■ EXERCISE DIRECTIONS ■
Images in the records should be skipped while the rest is transcribed verbatim.

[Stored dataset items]
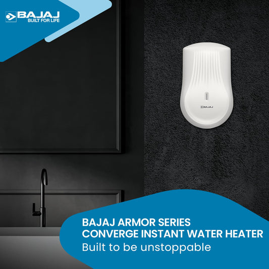 Bajaj Armor Series Converge 3L 3KW Instant Water Heater For Home|Ner Stick Heating Element|Withstand 6 Bar Pressure|Shock Resistant & Rust Proof|Withstand 4.5KV Surge Voltage|4-Yr Warranty|White
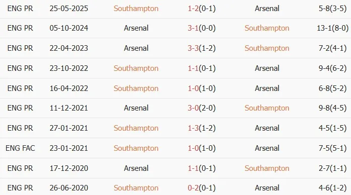Lịch sử đối đầu Southampton vs Arsenal
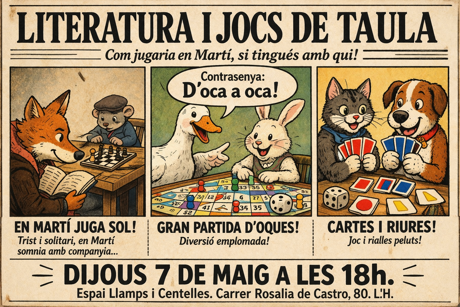 Data: dijous, 7 de maig de 2026 Hora d’inici: 18:00 h. Hora d’acabament: 19:30 h. aproximadament Lloc: Espai Llamps i Centelles Adreça: Carrer Rosalía de Castro, 80 baixos 08901 l’Hospitalet Metro més proper: Torrassa (Línies 1, 9 i 10) es troba a cent metres de l’Espai
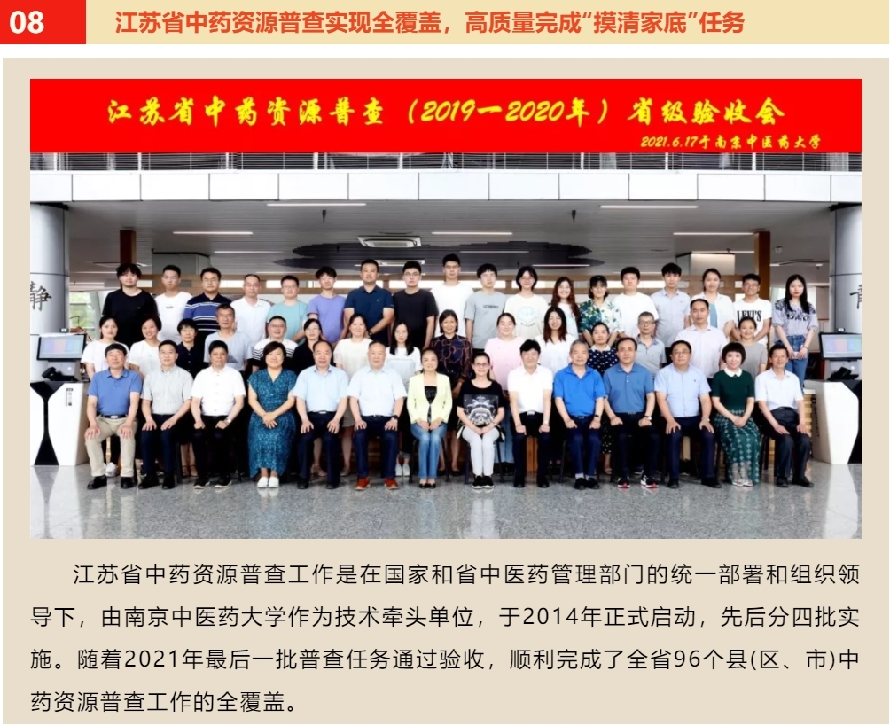 为集中展示2021年全省中医药事业取得的新成就、新特色、新亮点,增进社会各界对中医药工作的了解、关心和支持,促进中医药行业精神文明建设,积极营造良好的社会舆论氛围,进一步推进江苏中医药事业高质量发展和中医药强省建设,在江苏省卫生健康委员会、江苏省中医药管理局支持下,2021年度江苏省中医药十大新闻评选结果于2022年1月15日正式公布,“江苏省中药资源普查实现全覆盖,高质量完成‘摸清家底’任务”入选十大新闻。
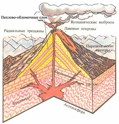 Первичный магматический очаг вулкана расположен на глубине 60-100 километров в слое, который получил название астеносферный. Именно здесь расположены корни вулкана. На глубине 20-30 километров в земной коре расположен вторичный магматический очаг. Именно он является тем, что питает вулкан через жерло. Кстати, верх вулкана – конус, сложен именно из продуктов его извержения. Кратер, который располагается на вершине – это чашевидное углубление, которое в отдельных случаях заполняется водой. Диаметры у кратеров могут быть различные – так, например, у Ключевой сопки кратер составляет 675 метров, а у не менее известного вулкана Везувия, который виновен в гибели Помпеи, кратер составляет 568 метров.

■ SOLUTION ■
 Bajaj Armor Series Converge 3L 3KW Instant Water Heater For Home|Ner Stick Heating Element|Withstand 6 Bar Pressure|Shock Resistant & Rust Proof|Withstand 4.5KV Surge Voltage|4-Yr Warranty|White
Lịch sử đối đầu Southampton vs Arsenal
 Data: dijous, 7 de maig de 2026 Hora d’inici: 18:00 h. Hora d’acabament: 19:30 h. aproximadament Lloc: Espai Llamps i Centelles Adreça: Carrer Rosalía de Castro, 80 baixos 08901 l’Hospitalet Metro més proper: Torrassa (Línies 1, 9 i 10) es troba a cent metres de l’Espai
 为集中展示2021年全省中医药事业取得的新成就、新特色、新亮点,增进社会各界对中医药工作的了解、关心和支持,促进中医药行业精神文明建设,积极营造良好的社会舆论氛围,进一步推进江苏中医药事业高质量发展和中医药强省建设,在江苏省卫生健康委员会、江苏省中医药管理局支持下,2021年度江苏省中医药十大新闻评选结果于2022年1月15日正式公布,“江苏省中药资源普查实现全覆盖,高质量完成‘摸清家底’任务”入选十大新闻。
 Первичный магматический очаг вулкана расположен на глубине 60-100 километров в слое, который получил название астеносферный. Именно здесь расположены корни вулкана. На глубине 20-30 километров в земной коре расположен вторичный магматический очаг. Именно он является тем, что питает вулкан через жерло. Кстати, верх вулкана – конус, сложен именно из продуктов его извержения. Кратер, который располагается на вершине – это чашевидное углубление, которое в отдельных случаях заполняется водой. Диаметры у кратеров могут быть различные – так, например, у Ключевой сопки кратер составляет 675 метров, а у не менее известного вулкана Везувия, который виновен в гибели Помпеи, кратер составляет 568 метров.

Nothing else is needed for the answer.